How do i create one function for transposing to operate matrices of different sizes?
I suppose it can be done with pointers, but I don't know how.
I'm looking for a realy general answer to understand how to tune up the "comunication" between functions and temporary matrices, best with an example. Thank you all in advance for the information and help.
There are different way you can achieve this in c from not so good to good solutions.
If you know what the maximum size of the matrices would be you can create a matrix big enough to accommodate that size and work on it. If it is lesser than that - no problem write custom operations only considering that small sub-matrix rather than the whole one.
Another solution is to - create a data structure to hold the matrix this may vary from jagged array creation which can be done using the attribute that is stored in the structure itself. For example: number of rows and column information will be stored in the structure itself. Jagged array gives you the benefit that now you can allocate de-allocate memory - giving you a better control over the form - order of the matrices. This is better in that - now you can pass two matrices of different sizes and the functions all see that structure which contain the actual matrix and work on it. (wrapped I would say).

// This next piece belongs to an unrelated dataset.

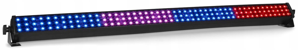 Барвистий світлодіодний промінь LCB144 від бренду BeamZ має аж 144 світлодіоди SMD RGB. Пристрій розділений на 8 різних секцій, якими можна вільно керувати. Кожен з них має можливість задавати кольори RGB в режимі DMX. Пристрій має 3 попередньо запрограмовані програми і функцію управління звуком. Автоматичний режим має 16 попередньо завантажених програм, якими ми можемо скористатися або створити власну суміш кольорів.

By Structure I meant something like
struct matrix{
int ** mat;
int row;
int col;
}
If your C implementation supports variable length arrays, then you can accomplish this with:
void matrix_transposition(size_t M, size_t N,
float Destination[M][N], const float Source[N][M])
{
for (size_t m = 0; m < M; ++m)
for (size_t n = 0; n < N; ++n)
Destination[m][n] = Source[n][m];
}
If your C implementation does not support variable length arrays, but does allow pointers to arrays to be cast to pointers to elements and used to access a two-dimensional array as if it were one-dimensional (this is not standard C but may be supported by a compiler), you can use:
void matrix_transposition(size_t M, size_t N,
float *Destination, const float *Source)
{
for (size_t m = 0; m < M; ++m)
for (size_t n = 0; n < N; ++n)
Destination[m*N+n] = Source[n*M+m];
}
The above requires the caller to cast the arguments to float *. We can make it more convenient for the caller with:
void matrix_transposition(size_t M, size_t N,
void *DestinationPointer, const void *SourcePointer)
{
float *Destination = DestinationPointer;
const float *Source = SourcePointer;
for (size_t m = 0; m < M; ++m)
for (size_t n = 0; n < N; ++n)
Destination[m*N+n] = Source[n*M+m];
}
(Unfortunately, this prevents the compiler from checking that the argument types match the intended types, but this is a shortcoming of C.)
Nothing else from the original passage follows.